* [ABOUT THIS TASK]: Look below for the line that contains "11.09.2016 | |", then copy it and each following line exactly, through and including the line that contains "Relógio Ecg +".

* [DATASET EXCERPTS]:
------------------------------------------------
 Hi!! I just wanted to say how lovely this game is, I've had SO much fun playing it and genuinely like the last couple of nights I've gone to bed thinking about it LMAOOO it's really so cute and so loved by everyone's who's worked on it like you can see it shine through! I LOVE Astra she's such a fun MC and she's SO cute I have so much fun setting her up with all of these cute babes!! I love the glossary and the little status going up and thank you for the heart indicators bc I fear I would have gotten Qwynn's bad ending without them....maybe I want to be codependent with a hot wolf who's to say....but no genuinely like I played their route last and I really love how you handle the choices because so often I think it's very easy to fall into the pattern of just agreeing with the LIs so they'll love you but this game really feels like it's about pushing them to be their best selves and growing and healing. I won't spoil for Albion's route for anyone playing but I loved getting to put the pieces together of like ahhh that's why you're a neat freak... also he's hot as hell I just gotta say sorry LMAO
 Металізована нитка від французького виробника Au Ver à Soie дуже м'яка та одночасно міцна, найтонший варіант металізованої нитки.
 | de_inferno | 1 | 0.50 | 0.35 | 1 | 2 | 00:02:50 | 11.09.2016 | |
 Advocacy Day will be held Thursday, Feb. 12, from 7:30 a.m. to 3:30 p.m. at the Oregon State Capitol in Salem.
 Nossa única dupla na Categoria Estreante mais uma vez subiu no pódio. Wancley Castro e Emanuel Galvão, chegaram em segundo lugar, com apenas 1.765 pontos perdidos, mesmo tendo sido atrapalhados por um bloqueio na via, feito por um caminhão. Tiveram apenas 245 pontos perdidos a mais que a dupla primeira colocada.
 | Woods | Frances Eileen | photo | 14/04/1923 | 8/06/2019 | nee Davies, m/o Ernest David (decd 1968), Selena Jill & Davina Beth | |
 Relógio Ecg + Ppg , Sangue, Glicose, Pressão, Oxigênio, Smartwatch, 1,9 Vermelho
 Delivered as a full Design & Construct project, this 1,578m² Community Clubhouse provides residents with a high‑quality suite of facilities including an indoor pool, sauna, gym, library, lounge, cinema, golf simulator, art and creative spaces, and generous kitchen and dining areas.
------------------------------------------------
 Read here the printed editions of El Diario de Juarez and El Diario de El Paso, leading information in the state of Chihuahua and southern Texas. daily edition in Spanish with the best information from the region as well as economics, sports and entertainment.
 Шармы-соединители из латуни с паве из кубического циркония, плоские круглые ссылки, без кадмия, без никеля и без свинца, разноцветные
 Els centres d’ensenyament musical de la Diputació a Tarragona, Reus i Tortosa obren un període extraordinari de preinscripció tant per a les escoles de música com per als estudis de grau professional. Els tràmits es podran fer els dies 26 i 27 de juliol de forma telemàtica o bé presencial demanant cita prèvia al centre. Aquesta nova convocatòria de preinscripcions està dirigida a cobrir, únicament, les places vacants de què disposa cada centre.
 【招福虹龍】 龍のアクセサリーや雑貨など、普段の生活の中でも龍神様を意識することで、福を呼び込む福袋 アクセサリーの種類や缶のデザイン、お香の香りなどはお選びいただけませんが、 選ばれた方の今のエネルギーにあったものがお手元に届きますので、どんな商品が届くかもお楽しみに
------------------------------------------------
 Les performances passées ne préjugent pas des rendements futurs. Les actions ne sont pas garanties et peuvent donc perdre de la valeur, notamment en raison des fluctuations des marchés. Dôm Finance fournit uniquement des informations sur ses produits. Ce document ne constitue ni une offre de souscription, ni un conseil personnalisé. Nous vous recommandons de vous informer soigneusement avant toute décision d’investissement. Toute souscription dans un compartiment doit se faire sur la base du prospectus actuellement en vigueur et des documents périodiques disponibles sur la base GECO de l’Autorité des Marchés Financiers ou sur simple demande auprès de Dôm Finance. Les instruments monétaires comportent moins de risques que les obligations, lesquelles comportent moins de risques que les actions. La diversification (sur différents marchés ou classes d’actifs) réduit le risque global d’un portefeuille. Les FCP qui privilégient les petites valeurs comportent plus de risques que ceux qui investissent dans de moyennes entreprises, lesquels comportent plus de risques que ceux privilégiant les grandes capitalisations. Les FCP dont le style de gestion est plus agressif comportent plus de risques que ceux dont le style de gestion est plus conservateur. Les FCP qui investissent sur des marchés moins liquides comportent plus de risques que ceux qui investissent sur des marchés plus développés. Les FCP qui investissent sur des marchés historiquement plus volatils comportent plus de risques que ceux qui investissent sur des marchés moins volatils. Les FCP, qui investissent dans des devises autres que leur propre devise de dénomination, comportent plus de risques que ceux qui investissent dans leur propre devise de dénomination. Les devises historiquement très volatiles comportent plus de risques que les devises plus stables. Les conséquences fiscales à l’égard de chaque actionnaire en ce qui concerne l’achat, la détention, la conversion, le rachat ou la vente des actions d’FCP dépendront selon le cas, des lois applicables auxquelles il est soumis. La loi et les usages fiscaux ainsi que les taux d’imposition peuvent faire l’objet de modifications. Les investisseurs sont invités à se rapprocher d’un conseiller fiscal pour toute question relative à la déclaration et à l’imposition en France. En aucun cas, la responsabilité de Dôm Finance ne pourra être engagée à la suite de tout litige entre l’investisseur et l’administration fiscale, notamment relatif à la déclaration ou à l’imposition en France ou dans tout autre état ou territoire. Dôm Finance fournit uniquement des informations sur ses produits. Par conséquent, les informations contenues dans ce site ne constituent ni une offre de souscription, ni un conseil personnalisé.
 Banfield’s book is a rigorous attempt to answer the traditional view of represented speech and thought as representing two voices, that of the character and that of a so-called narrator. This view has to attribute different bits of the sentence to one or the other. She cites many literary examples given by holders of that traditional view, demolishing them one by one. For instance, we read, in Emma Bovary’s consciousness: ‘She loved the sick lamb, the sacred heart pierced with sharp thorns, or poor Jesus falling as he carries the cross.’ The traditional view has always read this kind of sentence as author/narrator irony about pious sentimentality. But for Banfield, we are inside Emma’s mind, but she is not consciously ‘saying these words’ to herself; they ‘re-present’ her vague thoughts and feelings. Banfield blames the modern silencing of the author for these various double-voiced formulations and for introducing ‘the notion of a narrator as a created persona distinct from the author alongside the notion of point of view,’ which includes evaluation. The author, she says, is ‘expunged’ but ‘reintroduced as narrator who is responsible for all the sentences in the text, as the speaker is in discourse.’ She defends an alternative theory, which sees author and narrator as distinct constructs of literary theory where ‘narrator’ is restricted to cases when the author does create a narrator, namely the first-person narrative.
------------------------------------------------
* [EXERCISE SOLUTION]:
 | de_inferno | 1 | 0.50 | 0.35 | 1 | 2 | 00:02:50 | 11.09.2016 | |
 Advocacy Day will be held Thursday, Feb. 12, from 7:30 a.m. to 3:30 p.m. at the Oregon State Capitol in Salem.
 Nossa única dupla na Categoria Estreante mais uma vez subiu no pódio. Wancley Castro e Emanuel Galvão, chegaram em segundo lugar, com apenas 1.765 pontos perdidos, mesmo tendo sido atrapalhados por um bloqueio na via, feito por um caminhão. Tiveram apenas 245 pontos perdidos a mais que a dupla primeira colocada.
 | Woods | Frances Eileen | photo | 14/04/1923 | 8/06/2019 | nee Davies, m/o Ernest David (decd 1968), Selena Jill & Davina Beth | |
 Relógio Ecg + Ppg , Sangue, Glicose, Pressão, Oxigênio, Smartwatch, 1,9 Vermelho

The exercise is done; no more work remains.